■ Prompt ■
Return every line from the one with "A lustrous stand" through the one with "Die Fatboy Leuchten", inclusive, exactly as it appears below.

■ Extracted entries ■
────

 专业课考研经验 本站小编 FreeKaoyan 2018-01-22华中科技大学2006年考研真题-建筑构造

────

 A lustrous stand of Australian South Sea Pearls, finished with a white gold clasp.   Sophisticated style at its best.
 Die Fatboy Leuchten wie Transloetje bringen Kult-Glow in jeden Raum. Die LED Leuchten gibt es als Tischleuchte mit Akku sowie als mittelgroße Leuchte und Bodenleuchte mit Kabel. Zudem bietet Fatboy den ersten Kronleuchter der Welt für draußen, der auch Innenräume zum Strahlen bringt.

────

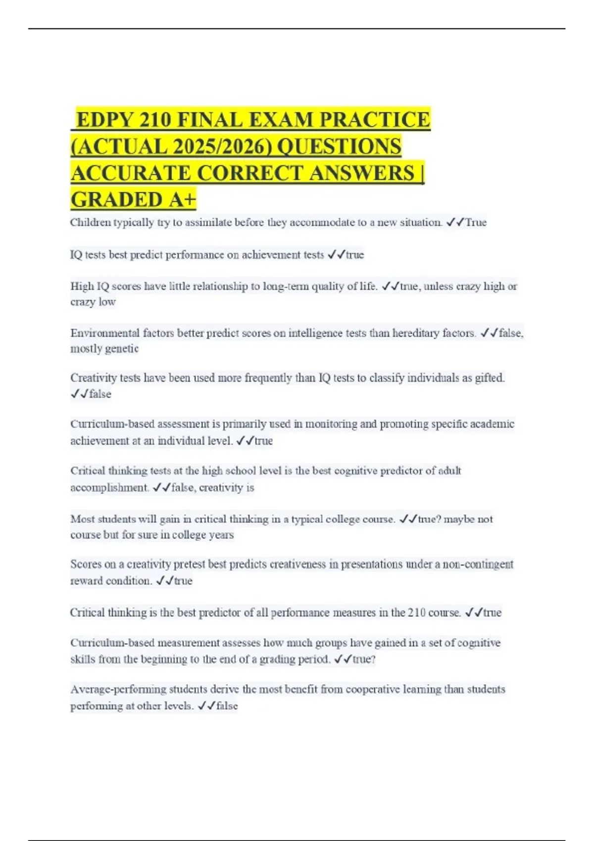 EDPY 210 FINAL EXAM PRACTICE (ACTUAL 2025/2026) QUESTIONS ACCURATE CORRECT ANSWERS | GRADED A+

────

■ Response ■
 A lustrous stand of Australian South Sea Pearls, finished with a white gold clasp.   Sophisticated style at its best.
 Die Fatboy Leuchten wie Transloetje bringen Kult-Glow in jeden Raum. Die LED Leuchten gibt es als Tischleuchte mit Akku sowie als mittelgroße Leuchte und Bodenleuchte mit Kabel. Zudem bietet Fatboy den ersten Kronleuchter der Welt für draußen, der auch Innenräume zum Strahlen bringt.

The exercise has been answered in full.